## PROBLEM
Only the lines below starting at the one containing "رزمایش تمرینی، آموزشی" and ending at the one containing "black background close-up." belong in the answer, each copied exactly.

## DATA FOR THIS TASK
▬▬▬
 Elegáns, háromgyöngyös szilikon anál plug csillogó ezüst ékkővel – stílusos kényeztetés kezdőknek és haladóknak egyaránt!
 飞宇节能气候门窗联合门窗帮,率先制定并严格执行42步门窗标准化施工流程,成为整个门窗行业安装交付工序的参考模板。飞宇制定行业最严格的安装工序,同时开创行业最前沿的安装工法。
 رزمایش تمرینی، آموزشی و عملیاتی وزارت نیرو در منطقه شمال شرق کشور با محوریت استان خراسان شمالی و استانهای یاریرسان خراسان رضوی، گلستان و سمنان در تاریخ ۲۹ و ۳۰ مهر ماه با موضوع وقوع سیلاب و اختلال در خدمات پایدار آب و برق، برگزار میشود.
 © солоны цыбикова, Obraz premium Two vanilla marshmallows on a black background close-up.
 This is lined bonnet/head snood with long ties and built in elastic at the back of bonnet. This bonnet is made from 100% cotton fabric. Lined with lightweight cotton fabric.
▬▬▬
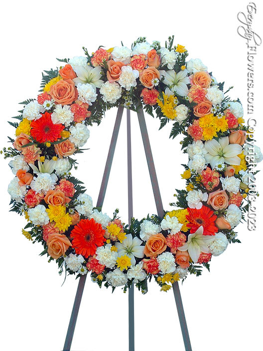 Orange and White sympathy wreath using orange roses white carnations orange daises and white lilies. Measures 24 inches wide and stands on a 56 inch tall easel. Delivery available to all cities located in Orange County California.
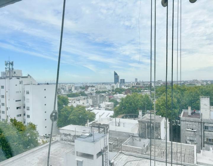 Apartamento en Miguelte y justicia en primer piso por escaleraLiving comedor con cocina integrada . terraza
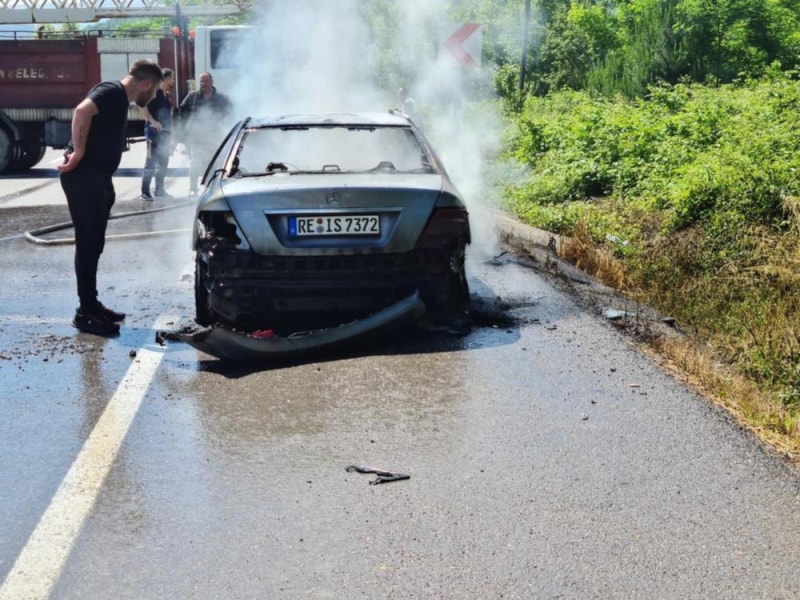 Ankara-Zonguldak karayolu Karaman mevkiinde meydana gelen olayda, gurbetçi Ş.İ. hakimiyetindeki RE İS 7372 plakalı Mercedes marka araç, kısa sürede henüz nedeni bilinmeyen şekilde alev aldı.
▬▬▬
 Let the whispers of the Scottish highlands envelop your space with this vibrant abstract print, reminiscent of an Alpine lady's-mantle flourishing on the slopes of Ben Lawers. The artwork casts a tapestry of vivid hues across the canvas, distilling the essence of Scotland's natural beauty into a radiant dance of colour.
▬▬▬
## TASK OUTPUT
 رزمایش تمرینی، آموزشی و عملیاتی وزارت نیرو در منطقه شمال شرق کشور با محوریت استان خراسان شمالی و استانهای یاریرسان خراسان رضوی، گلستان و سمنان در تاریخ ۲۹ و ۳۰ مهر ماه با موضوع وقوع سیلاب و اختلال در خدمات پایدار آب و برق، برگزار میشود.
 © солоны цыбикова, Obraz premium Two vanilla marshmallows on a black background close-up.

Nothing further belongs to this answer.